Der Vortrag von Marina Heimann, der Chronistin Lichtenrades, über die wechselvolle Geschichte des Landhauses, illustriert mit Bildern und Anekdoten, ließ diesen Ort in den folgenden anderthalb Stunden sehr lebendig werden.
Erbaut wurde das Wirtshaus 1893 im Fachwerkstil und bestand aus dem zweigeschossigen Wirtshaus und einer Gaststube. Neben und hinter der Gaststätte gab es einen Garten mit Lindenbäumen, in deren Schatten die Menschen nicht nur aus Lichtenrade gerne verweilten sondern auch Berliner, die als Wochenendvergnügen ins Umland herausfuhren um sich zu erholen und hier auf ein Bier einkehren konnten. Etwas später (1898) wurde dann von der Schlossbrauerei Schöneberg die Alte Mälzerei errichtet, ein moderner Industriebetrieb zum Mälzen des Getreides. Da beim Mälzen, der Vorstufe des Bierbrauens, starke Gerüche entstehen, wurde dieser Betrieb hierher ins Umland verlegt, war aber nur bis in die zwanziger Jahre in Funktion. Die Schloss-brauerei nutzte das Wirtshaus zum Ausschank ihres Bieres. Zwischen Mälzerei und dem Wirtshaus gab es damals auch noch einen Ruderteich.

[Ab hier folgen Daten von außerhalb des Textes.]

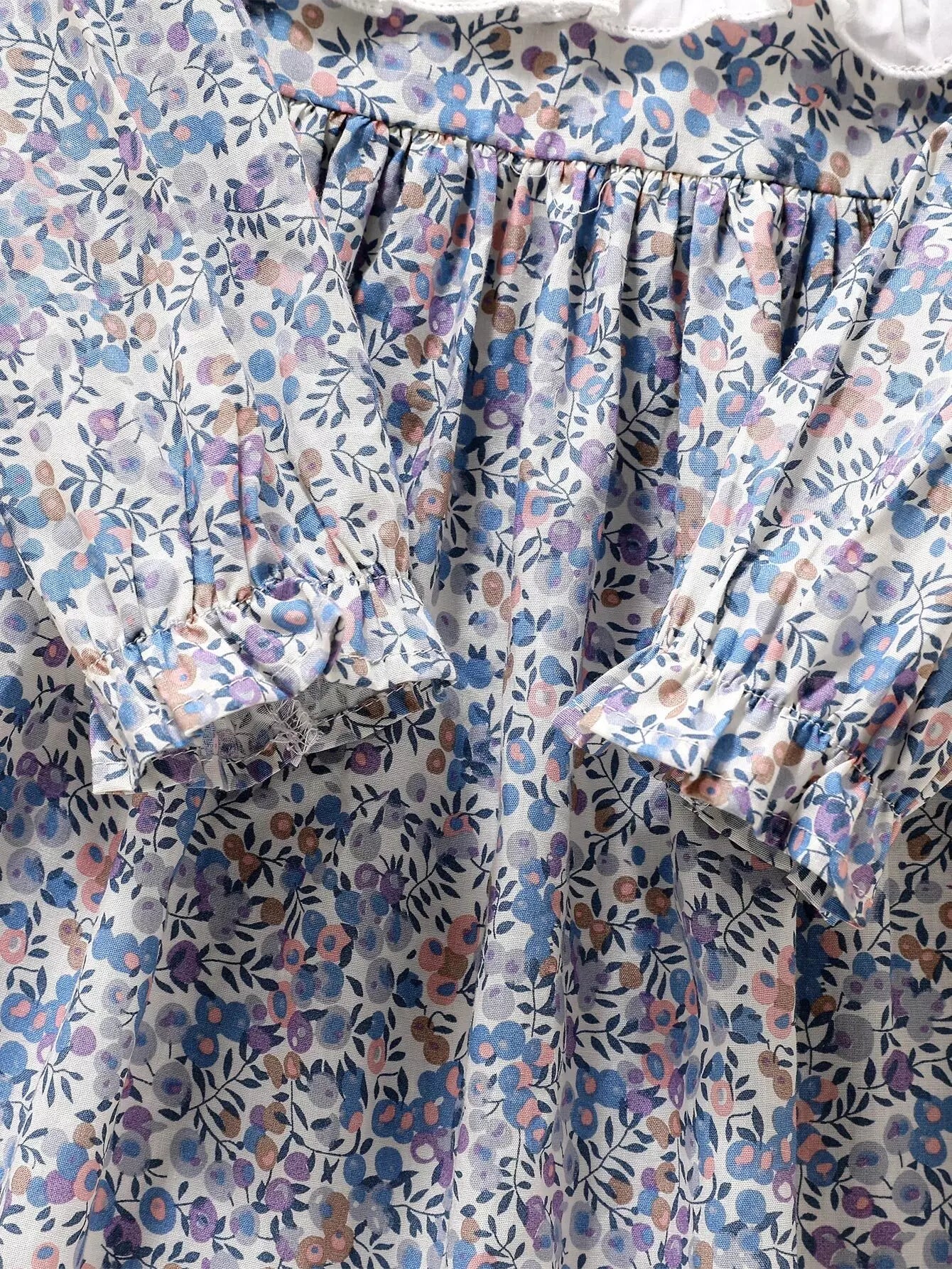 Toddler Girls Ditsy Floral Print Eyelet Embroidery Ruffle Trim Flounce Sleeve Dress
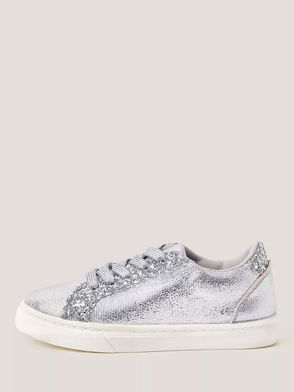 Kids' Volley Metallic Leather Trainers, Silver Pekin
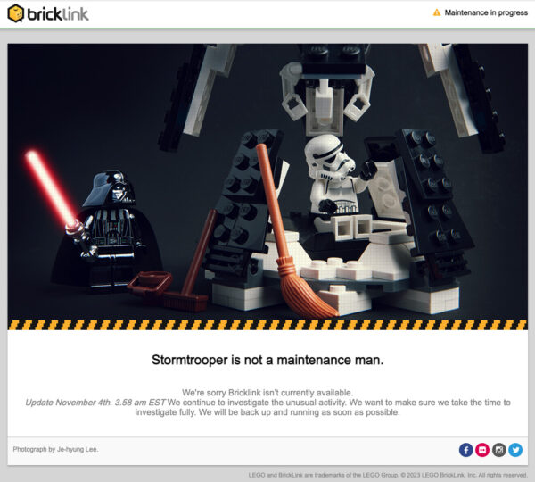Si vous avez vos habitudes sur Bricklink, en qualité de vendeur ou d'acheteur, vous avez forcément constaté que la plateforme est inaccessible depuis plusieurs heures pour cause de "maintenance".

Allerdings gibt es auch eine dunklere Seite des Wirtshauses:
In den Kriegsjahren waren in dem Gebäude Zwangsarbeiterinnen untergebracht.
Die beständig wachsende Bevölkerung Lichtenrades nutzte die Räumlichkeiten jahrzehntelang für Familienfeste, Tanzabende, Bälle, Nikolausfeiern u.a. In den 60ern wurden auch Unterbringungs-möglichkeiten für Gäste eingerichtet und das Wirtshaus erhielt die Konzession für einen Hotelbetrieb. In den 70er/80er Jahren gab es hier auch eine Disco „Happy Buhr“, in Anlehnung an den Namen der damaligen Besitzer des Hauses, Familie Buhr.
Dann stand das Haus lange Zeit leer und wurde dem Verfall preisgegeben...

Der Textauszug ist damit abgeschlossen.